# Homemade Fish Food Recipe



## smellsfishy1 (May 29, 2008)

In an effort to offer a varied diet and save money, I have decided to try a homemade food for my mbuna. I have researched many different ways to make food (european shrimp mix and so on) but found that most use gelatin. Why? There is no nutritional value and it holds the food together. Wouldn't the food breaking up after you thaw it out be a good thing? If anyone has made any of this food can you please share your experiences and offer some advise or explanation on what ingredients, how much to use, how to mix, how to feed and store.
One more thing, some of the ingredients are hard to find like selicon or vitamins for fish, where can they be found?


----------



## cichlidaholic (Dec 7, 2005)

Not sure what "selicon" is, but Kent makes a good vitamin called Zoe, and it can be found in most LFS.

I've used the shrimp recipes with the gelatin, but I didn't like the homemade foods at all, it pollutes the water too much, IMO.

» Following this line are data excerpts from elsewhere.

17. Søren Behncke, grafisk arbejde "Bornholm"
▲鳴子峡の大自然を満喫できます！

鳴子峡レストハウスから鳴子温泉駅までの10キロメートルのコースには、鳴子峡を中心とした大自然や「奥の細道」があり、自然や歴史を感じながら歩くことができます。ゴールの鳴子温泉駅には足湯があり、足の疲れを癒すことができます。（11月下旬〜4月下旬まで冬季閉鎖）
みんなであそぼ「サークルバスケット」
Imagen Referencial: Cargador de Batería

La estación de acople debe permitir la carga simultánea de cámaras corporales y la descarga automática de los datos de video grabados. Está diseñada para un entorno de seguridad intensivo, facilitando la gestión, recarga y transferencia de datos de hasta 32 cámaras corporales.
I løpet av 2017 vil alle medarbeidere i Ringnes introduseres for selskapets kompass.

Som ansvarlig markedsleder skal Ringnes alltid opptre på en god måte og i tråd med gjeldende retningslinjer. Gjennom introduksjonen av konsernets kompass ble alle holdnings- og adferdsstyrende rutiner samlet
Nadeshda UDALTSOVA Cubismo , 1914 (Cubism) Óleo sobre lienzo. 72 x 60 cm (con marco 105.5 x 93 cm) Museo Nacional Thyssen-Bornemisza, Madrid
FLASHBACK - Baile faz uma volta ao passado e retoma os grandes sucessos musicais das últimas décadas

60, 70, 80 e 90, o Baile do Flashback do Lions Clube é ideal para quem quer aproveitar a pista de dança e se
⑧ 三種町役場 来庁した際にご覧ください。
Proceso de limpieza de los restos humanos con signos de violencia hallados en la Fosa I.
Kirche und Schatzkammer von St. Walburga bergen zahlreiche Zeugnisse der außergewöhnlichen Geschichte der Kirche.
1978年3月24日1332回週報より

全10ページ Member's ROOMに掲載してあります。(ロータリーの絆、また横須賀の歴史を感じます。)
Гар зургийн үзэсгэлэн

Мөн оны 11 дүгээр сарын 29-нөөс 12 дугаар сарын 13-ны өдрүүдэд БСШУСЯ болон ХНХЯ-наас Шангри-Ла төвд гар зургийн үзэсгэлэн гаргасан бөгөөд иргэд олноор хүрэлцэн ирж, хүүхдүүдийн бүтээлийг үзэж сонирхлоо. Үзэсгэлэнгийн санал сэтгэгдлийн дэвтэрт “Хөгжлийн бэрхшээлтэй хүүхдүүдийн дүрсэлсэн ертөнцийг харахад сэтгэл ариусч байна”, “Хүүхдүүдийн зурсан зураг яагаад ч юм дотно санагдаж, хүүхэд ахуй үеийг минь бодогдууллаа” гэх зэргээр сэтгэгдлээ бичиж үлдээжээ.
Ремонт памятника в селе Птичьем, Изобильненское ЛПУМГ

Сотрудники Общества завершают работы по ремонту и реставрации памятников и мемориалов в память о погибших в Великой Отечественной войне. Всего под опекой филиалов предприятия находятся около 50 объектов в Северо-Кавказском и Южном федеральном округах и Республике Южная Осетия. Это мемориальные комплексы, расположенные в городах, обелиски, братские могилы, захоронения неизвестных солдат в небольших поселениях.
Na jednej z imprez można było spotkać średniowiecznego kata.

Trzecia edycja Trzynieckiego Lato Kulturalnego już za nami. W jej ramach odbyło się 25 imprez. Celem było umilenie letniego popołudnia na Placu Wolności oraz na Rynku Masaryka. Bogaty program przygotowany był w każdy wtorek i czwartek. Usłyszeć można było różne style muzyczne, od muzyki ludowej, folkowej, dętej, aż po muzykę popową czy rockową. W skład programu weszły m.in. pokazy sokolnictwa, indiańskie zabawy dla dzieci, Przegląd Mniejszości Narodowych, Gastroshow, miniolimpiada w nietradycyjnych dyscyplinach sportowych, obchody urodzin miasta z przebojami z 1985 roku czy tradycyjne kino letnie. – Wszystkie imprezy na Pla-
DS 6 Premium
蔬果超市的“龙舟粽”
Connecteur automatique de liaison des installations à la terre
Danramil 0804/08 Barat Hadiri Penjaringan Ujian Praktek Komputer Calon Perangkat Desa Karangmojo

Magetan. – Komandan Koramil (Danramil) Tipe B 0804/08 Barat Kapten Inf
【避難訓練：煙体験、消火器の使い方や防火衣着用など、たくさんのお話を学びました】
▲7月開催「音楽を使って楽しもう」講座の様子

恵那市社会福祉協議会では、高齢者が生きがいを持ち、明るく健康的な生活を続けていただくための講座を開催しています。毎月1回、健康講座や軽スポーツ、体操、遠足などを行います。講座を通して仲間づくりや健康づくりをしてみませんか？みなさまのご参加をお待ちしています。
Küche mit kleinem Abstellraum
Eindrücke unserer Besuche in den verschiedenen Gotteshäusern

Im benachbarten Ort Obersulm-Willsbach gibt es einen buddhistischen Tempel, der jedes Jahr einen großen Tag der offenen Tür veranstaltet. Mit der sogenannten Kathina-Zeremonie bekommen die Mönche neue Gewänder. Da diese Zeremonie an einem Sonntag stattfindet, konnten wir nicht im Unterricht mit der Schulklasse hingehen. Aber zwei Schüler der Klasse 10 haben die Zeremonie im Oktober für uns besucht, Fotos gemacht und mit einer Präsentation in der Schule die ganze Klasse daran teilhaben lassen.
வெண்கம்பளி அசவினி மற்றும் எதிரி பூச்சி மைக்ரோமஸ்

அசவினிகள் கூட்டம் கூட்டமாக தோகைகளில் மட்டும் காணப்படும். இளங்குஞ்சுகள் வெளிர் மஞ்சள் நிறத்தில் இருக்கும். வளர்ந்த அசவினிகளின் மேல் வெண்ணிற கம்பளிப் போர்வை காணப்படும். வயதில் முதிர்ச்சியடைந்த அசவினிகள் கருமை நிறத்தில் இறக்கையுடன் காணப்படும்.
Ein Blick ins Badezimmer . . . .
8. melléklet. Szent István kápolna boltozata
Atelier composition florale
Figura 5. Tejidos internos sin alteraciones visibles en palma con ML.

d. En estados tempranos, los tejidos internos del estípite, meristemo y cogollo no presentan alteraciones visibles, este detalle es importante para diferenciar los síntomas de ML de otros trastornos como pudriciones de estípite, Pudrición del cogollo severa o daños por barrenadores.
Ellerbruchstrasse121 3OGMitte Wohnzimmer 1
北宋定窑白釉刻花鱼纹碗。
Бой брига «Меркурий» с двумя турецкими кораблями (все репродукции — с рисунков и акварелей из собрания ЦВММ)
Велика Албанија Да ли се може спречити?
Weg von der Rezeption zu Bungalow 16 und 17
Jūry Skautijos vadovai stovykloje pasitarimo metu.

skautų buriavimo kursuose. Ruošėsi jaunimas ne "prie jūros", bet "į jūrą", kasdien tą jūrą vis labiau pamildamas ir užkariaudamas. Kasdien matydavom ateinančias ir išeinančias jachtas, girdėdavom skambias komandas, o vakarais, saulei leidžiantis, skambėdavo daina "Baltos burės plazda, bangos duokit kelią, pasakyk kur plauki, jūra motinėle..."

I can't really say how it would work without the gelatin!


----------



## smellsfishy1 (May 29, 2008)

Selcon is the correct spelling, sorry. It's a vitamin supplement. 
Does this recipe pollute that much or is it just as messy as using other frozen foods like brine shrimp, blood worms, or mysis that companies sell in the cube form?
Do you think it would be wise to try and make just a little bit to see how it goes?
How much of each ingredient?


----------



## cichlidaholic (Dec 7, 2005)

I used the recipe with shrimp (shell and all) and peas, along with the gelatin and vitamins. I found it very messy, much worse than the prepared frozen foods that we buy for the fish. My fish didn't seem to take to it that well, either, so IMO, it was more trouble than it was worth. :wink:


----------



## smellsfishy1 (May 29, 2008)

Thanks for the forewarning cichlidaholic. I wouldn't want to go through all that trouble either. I just don't understand why people make it seem so easy and practical. I guess i'll just stick to what has been working. Thanks again.


----------



## smellsfishy1 (May 29, 2008)

Have you tried any of the others.
1.Spirulina Flake Food
2.AquaCon's Homemade Fish Food Recipe
3.Garlic Food Recipe
I'm thinking 1 and 3 don't seem like they would be that messy.


----------